Its role in opposition to the existing government intensified from September 945, when the Kharijite insurgents captured Tunis and gave it over to plunder. With the arrival of the Zirid dynasty, Tunisia gained importance, but the Sunni population increasingly supported Shiite rule and carried out massacres against this community. Therefore, in 1048, Zirid Al-Muizz ben Badis rejected Fatimid obedience and restored the Sunni rite throughout Ifriqia. This decision angered the Shia caliph Al-Mustansir Bilah. To punish the Zirids, he unleashed Arab tribes on Ifrikiya, including the Hilals. Much of Ifriqia was burned and bloodshed, the Zirid capital Kairouan was destroyed in 1057, and only a few coastal cities, including Tunis and Mahdia, escaped destruction. Nevertheless, exposed to the atrocities of the hostile tribes encamped around the city, the Tunisian population, no longer recognizing the authority of the Zirids who had retreated to the Mahdi, swore allegiance to the Hamadid prince El Nasser ibn Alenas, based in Bougie. Later, in 1059, the Governor appointed by the latter, after establishing order in the country, lost no time in getting rid of the Hamadids and founded the Khurasanid dynasty with Tunis as its capital. The small independent kingdom then reconnects with foreign trade and restores peace and prosperity.
After that in 1159, the Almohad Abd al-Mu’min captured Tunis, deposed the last Khurasanid ruler and installed in his place a government responsible for the administration of all of Ifriqia, which sat in a kasbah built for the occasion. The conquest of the Almohads opens a new period in the history of Tunisia. The city, which until then played a secondary role behind Kairouan and Mahdia, was promoted to the rank of provincial capital. In 1228, governor Abu Zakariyya Yahya took power, and a year later he freed himself from Almohad rule, took the title of emir and founded the Hafsid dynasty. With the arrival of this dynasty, the city became the capital of a kingdom that gradually expanded towards Tripoli and Fez.
To the prime city, important suburbs are added to the north and south enclosed by another fence surrounding the medina, the kasbah and these new suburbs. Later, in 1270, Tunisia found itself caught up in the Eighth Crusade: Louis IX, hoping to convert the Hafsid ruler to Christianity and pit him against the Egyptian sultan, easily captured Carthage, but his army quickly fell victim to an epidemic of dysentery. Louis IX himself died of it on August 25, 1270, in front of the ramparts of the capital. At the same time, expelled by the Spanish Reconquest, the first Muslim and Jewish Andalusians arrived in Tunisia and took an active part in the economic prosperity and development of intellectual life in the Hafsid capital.

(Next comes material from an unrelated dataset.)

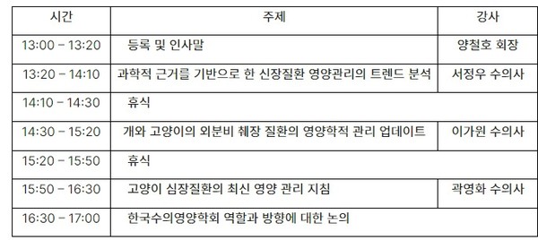 수의영양학회 정회원을 대상으로 진행되는 이번 세미나는 총 3개의 강의로 구성, 서정우 수의사의 ‘과학적 근거를 기반으로 한 신장질환 영양관리의 트렌드 분석’을 시작으로 이가원 수의사가 ‘개와 고양이의 외분비 췌장 질환의 영양학적 관리 업데이트’를, 곽영화 수의사가 ‘고양이 심장질환의 최신 영양 관리 지침’을 강의한다.

The medina, built on a hill with gentle slopes that descend towards Lake Tunis, is the historic heart of the city and is home to many monuments including palaces such as Dar Ben Abdallah and Dar Hussein, the Beylik Mausoleum of Turbet El Bey or many mosques including the Great Mosque of Zituna . Formerly surrounded by its fortifications, now largely gone, they are framed by the two working-class suburbs of Bab Souik to the north and Bab El Jazeera to the south.
Located in the immediate vicinity of Bab Souika, the popular district of Halfauines known to have been the subject of international attention thanks to the spread of the film Halfauine, child of the terraces. But to the east of this original core, first with the construction of the French consulate, the modern city is gradually constituted, with the establishment of the French protectorate at the end of the 19th century, on the land left free between the medina and the lake because it serves as a reservoir for the waste water of the medieval city.
The axis of the structure of this part of the city is the avenues France and Habib-Bourguib, designed as the Tunisian equivalents of rue Rivoli and Champs Elysées with their cafés, grand hotels, shops and cultural facilities. On either side of this tree-lined axis, north and south, the metropolis has expanded to form different districts with different faces, the north welcoming fairly residential and business districts, while the south welcomes industrial districts. and poorer.
North of Avenue Bourguiba is the Lafayette quarter, which still houses the Great Synagogue of Tunis and the Habib-Thameur Garden, located on the site of an old Jewish cemetery outside the walls. To the southeast, the district of Little Sicily borders the old port area and owes its name to the original settlement of workers from Italy. It is now the subject of a reconstruction project that includes the construction of two twin towers.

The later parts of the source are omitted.